I come now to another precedent of a similar character, but differing in this—that it took place under this Government, and not under that of the old Confederation; I refer to what is known as the Missouri Compromise. It is more recent and better known, and may be more readily despatched.

After an arduous struggle of more than a year, on the question whether Missouri should come into the Union with or without restrictions prohibiting slavery, a compromise line was adopted between the North and the South; but it was done under circumstances which made it nowise obligatory on the latter. It is true, it was moved by one of her distinguished citizens (Mr. Clay); but it is equally so, that it was carried by the almost united vote of the North against the almost united vote of the South; and was thus imposed on the latter by superior numbers in opposition to her strenuous efforts. The South has never given her sanction to it, or assented to the power it asserted. She was voted down, and has simply acquiesced in an arrangement which she has not had the power to reverse, and which she could not attempt to do without disturbing the peace and harmony of the Union—to which she has ever been averse. Acting on this principle, she permitted the Territory of Iowa to be formed, and the State to be admitted into the Union, under the compromise, without objection; and this is now quoted by the Senator from New-York to prove her surrender of the power he claims for Congress.

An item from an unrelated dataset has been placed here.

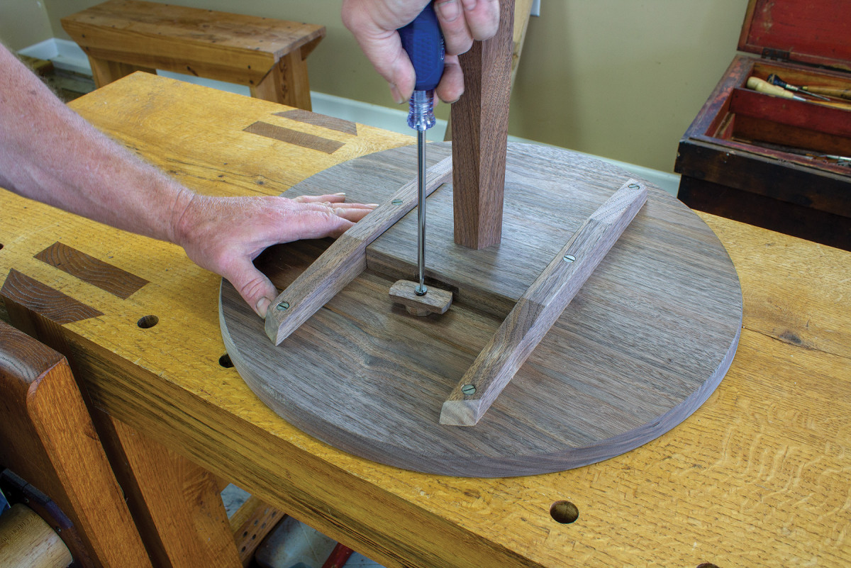 Next, on the underside of the top, use a straightedge aligned to the center mark on the underside of the top, and make a mark across the grain the width of the top. Make a parallel line 3″ on either side of the first line. Assemble the mounting block and battens, align the inside edges of the battens with the layout lines. Slide the assembly so the center mark of the top is in the center of the 1″ hole of the top-mounting block. With everything in place, mark the screw locations to the top and bore the pilot holes.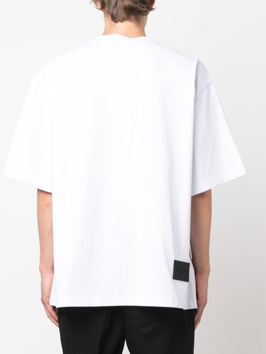 Кремовый, хлопок, логотип спереди, нашивка с логотипом сзади, круглый вырез, короткие рукава и прямой подол. Это унисекс-модель. Обратите внимание, что для нее используется мужская размерная сетка.

To add to the strength of this claim, the advocates of the power hold up the name of Jefferson in its favor, and go so far as to call him the author of the so-called Wilmot proviso, which is but a general expression of a power of which the Missouri compromise is a case of its application. If we may judge by his opinion of that case, what his opinion was of the principle, instead of being the author of the proviso, or being in its favor, no one could be more deadly hostile to it. In a letter addressed to the elder Adams in 1819, in answer to one from him, he uses these remarkable expressions in reference to the Missouri question:

"The banks, bankrupt law, manufactures, Spanish treaty, are nothing. These are occurrences, which, like waves in a storm, will pass under the ship. But the Missouri question is a breaker on which we lose the Missouri country by revolt, and what more, God only knows."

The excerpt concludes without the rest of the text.